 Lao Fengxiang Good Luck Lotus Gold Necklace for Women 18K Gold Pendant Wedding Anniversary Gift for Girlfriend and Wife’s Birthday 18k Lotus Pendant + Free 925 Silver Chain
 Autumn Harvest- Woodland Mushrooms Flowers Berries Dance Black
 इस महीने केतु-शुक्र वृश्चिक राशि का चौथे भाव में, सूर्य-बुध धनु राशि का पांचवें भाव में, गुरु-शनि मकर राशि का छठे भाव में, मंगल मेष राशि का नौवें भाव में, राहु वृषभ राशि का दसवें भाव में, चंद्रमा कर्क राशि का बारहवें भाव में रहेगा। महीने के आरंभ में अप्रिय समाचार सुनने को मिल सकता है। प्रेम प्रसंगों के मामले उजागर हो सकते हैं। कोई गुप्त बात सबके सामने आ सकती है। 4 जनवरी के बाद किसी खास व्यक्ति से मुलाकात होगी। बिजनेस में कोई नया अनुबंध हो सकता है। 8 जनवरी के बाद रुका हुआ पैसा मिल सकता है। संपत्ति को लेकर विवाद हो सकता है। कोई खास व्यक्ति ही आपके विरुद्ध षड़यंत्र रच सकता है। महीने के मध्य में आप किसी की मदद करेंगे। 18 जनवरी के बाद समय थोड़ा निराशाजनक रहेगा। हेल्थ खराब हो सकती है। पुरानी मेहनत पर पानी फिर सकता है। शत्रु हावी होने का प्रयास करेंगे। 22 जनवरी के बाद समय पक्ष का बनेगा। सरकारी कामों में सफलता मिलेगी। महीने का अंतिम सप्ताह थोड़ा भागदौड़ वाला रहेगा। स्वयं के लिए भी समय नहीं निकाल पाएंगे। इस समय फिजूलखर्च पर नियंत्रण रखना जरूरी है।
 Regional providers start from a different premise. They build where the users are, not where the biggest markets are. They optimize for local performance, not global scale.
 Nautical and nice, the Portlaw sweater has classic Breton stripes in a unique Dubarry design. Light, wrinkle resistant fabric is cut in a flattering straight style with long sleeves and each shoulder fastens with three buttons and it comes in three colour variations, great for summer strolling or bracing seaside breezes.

...

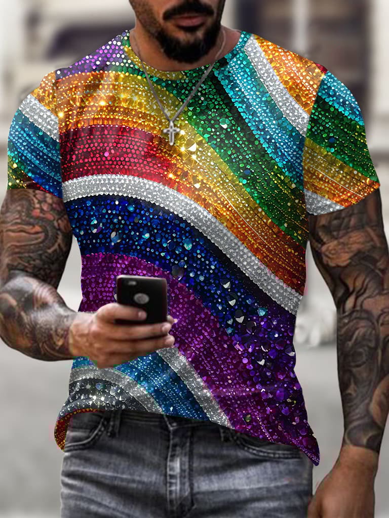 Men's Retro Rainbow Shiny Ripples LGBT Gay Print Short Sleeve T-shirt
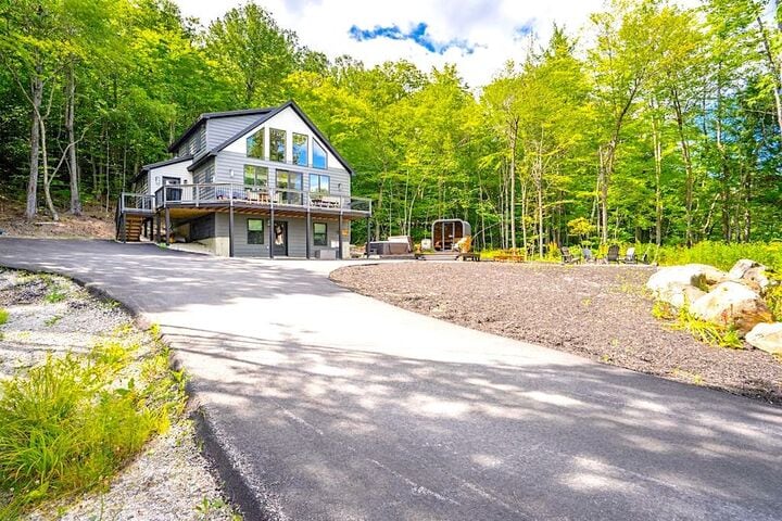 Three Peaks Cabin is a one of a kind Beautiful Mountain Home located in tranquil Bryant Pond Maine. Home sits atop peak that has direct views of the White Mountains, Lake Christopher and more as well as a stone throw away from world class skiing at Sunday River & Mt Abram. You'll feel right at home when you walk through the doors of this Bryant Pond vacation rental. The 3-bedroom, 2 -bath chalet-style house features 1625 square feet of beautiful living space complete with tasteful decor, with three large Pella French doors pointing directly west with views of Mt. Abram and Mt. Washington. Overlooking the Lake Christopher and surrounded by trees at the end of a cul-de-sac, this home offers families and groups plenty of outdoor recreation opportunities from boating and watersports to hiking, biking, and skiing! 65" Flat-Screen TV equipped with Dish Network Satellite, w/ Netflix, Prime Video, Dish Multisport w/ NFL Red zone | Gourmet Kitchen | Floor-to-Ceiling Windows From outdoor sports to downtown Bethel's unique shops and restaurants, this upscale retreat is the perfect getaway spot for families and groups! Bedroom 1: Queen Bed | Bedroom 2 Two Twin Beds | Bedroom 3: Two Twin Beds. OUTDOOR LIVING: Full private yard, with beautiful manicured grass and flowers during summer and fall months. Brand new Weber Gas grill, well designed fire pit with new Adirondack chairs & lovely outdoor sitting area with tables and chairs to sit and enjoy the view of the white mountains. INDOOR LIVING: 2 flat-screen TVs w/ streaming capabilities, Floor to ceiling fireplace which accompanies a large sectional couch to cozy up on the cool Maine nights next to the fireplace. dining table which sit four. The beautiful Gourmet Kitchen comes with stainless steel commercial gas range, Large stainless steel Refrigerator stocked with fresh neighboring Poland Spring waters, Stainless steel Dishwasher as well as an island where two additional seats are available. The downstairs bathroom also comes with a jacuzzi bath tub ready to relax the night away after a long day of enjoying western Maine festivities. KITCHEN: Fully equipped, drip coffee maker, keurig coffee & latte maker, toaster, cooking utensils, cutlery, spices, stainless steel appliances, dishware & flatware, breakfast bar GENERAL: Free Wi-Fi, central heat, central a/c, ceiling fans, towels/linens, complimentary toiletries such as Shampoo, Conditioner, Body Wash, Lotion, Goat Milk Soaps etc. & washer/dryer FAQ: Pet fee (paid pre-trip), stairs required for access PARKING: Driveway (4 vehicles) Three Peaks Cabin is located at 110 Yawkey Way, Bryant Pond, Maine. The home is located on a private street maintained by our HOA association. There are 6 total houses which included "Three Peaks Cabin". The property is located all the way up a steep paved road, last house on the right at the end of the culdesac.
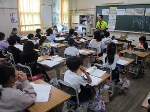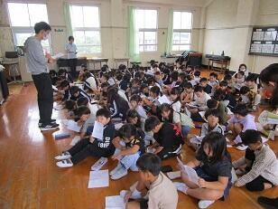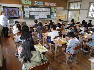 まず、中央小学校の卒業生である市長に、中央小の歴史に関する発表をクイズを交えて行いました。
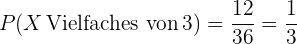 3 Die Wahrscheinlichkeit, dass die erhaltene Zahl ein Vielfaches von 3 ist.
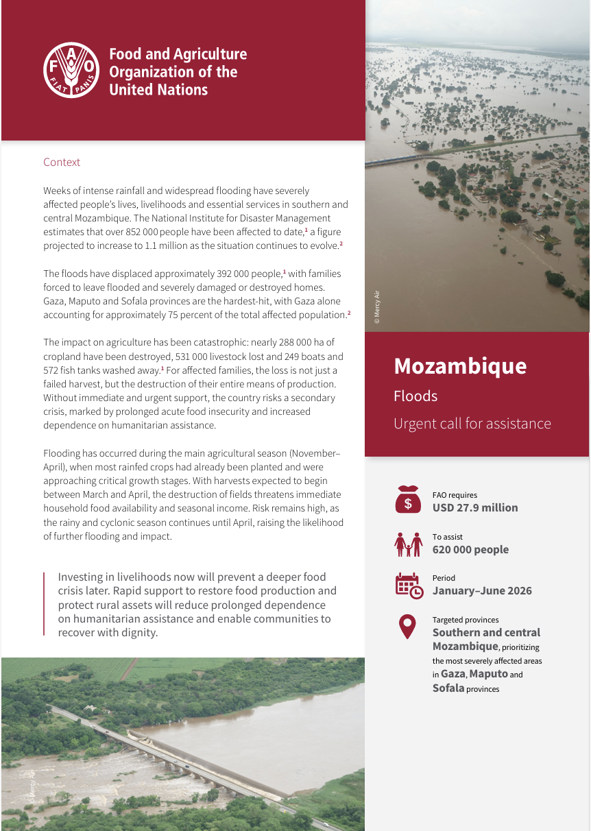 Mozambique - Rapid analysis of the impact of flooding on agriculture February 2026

— Task instructions —
Copy out, word for word, the part of the entries above that begins at the line with "Autumn Harvest- Woodland" and ends at the line with "Nautical and nice, the", including both.

— Written solution —
 Autumn Harvest- Woodland Mushrooms Flowers Berries Dance Black
 इस महीने केतु-शुक्र वृश्चिक राशि का चौथे भाव में, सूर्य-बुध धनु राशि का पांचवें भाव में, गुरु-शनि मकर राशि का छठे भाव में, मंगल मेष राशि का नौवें भाव में, राहु वृषभ राशि का दसवें भाव में, चंद्रमा कर्क राशि का बारहवें भाव में रहेगा। महीने के आरंभ में अप्रिय समाचार सुनने को मिल सकता है। प्रेम प्रसंगों के मामले उजागर हो सकते हैं। कोई गुप्त बात सबके सामने आ सकती है। 4 जनवरी के बाद किसी खास व्यक्ति से मुलाकात होगी। बिजनेस में कोई नया अनुबंध हो सकता है। 8 जनवरी के बाद रुका हुआ पैसा मिल सकता है। संपत्ति को लेकर विवाद हो सकता है। कोई खास व्यक्ति ही आपके विरुद्ध षड़यंत्र रच सकता है। महीने के मध्य में आप किसी की मदद करेंगे। 18 जनवरी के बाद समय थोड़ा निराशाजनक रहेगा। हेल्थ खराब हो सकती है। पुरानी मेहनत पर पानी फिर सकता है। शत्रु हावी होने का प्रयास करेंगे। 22 जनवरी के बाद समय पक्ष का बनेगा। सरकारी कामों में सफलता मिलेगी। महीने का अंतिम सप्ताह थोड़ा भागदौड़ वाला रहेगा। स्वयं के लिए भी समय नहीं निकाल पाएंगे। इस समय फिजूलखर्च पर नियंत्रण रखना जरूरी है।
 Regional providers start from a different premise. They build where the users are, not where the biggest markets are. They optimize for local performance, not global scale.
 Nautical and nice, the Portlaw sweater has classic Breton stripes in a unique Dubarry design. Light, wrinkle resistant fabric is cut in a flattering straight style with long sleeves and each shoulder fastens with three buttons and it comes in three colour variations, great for summer strolling or bracing seaside breezes.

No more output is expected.